Because the whole presentation was about a module and not about a single core running on it.... You can even see it,it's so painfully obvious. It talks about 2 hardware execution threads,the good predicatbility of their performance(which they estimate to be 80% of the "old" CMP dual core approach). Read the first bullet point: "What it(:module) is? A monolithic dual core building block that supports two threads of execution" Then at the end: "Customer benefits: Estimated average of 80% of CMP performance(this is 2 cores by the way) with much less die area and power" .It clearly speaks about the module since the module now has much less die are than 2 cores done CMP way.
edit: sorry for bold parts,I just had to point out the obvious in the slide since it somehow escapes you guys.
edit no2:
Single thread should be definitely stronger when running alone on the module,similar goes for SB and Nehalem. The difference is that this single thread should be a lot stronger than a single thread of SB (not directly compared but compared when both run on isolation on their respective cores/modules).Quote:
Originally Posted by Manicdan
SB sees 0-30% speedup with SMT on. Bulldozer module sees around 1.6x speedup on average.This tells us that there is no erratic behavior with module approach and that is at least predictable. You can expect 10-15% better single thread result than what you would get from multicore scaled result.
The question is : is that single core running on a module alone still noticeably faster than K10 core? If it isn't than multicore result will be a lot less better and you won't see 33% better scores over Thuban at similar clock. You may see 10-20% better ,depending on application.
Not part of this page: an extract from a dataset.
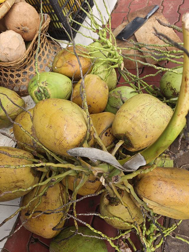 就在炸油条店往巷子里走,有一家水果店,椰子有三种, 我买了一个最贵的可以喝水和吃肉的,老板很细心的帮我都削开,椰子水用一个容器装好,还贴心的配好了吸管,椰子肉也给我弄出来,让我回家煲鸡汤喝,结果在路上就被我啃着吃了,真的是那种越嚼越香的口感,很浓郁的椰子香味,有去那边的小伙伴一定要尝尝哦。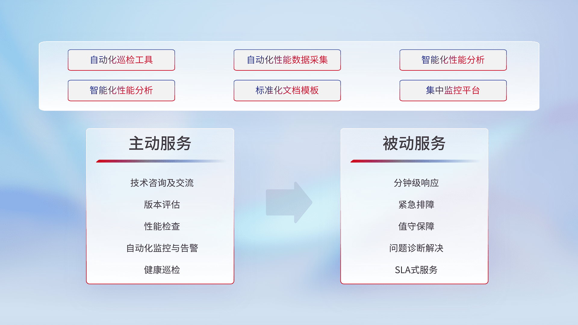 智能化工具和标准化文档,,,保障服务质量,,,,提供主动服务(包含技术咨询、、版本评估、、、、性能检查、、、、自动化监控与告警、、健康巡检)和被动服务包含(分钟级响应、、、紧急排障、、、、值守保障、、问题诊断解决、、、、SLA服务)。。。

Maybe even less than that (as cinebench indicates-no better than Thuban ...).
This again?
I can hardly wait to hear the kind of arguing that will ensue when they subtract the FP unit out of the module and send all the FP/SIMD work to the GPU. How many cores will it have then?
i tried to get clarity on what the 80% was because its clearly confusing people,
i got an answer, and i trust that answer until we are told it was a mistake.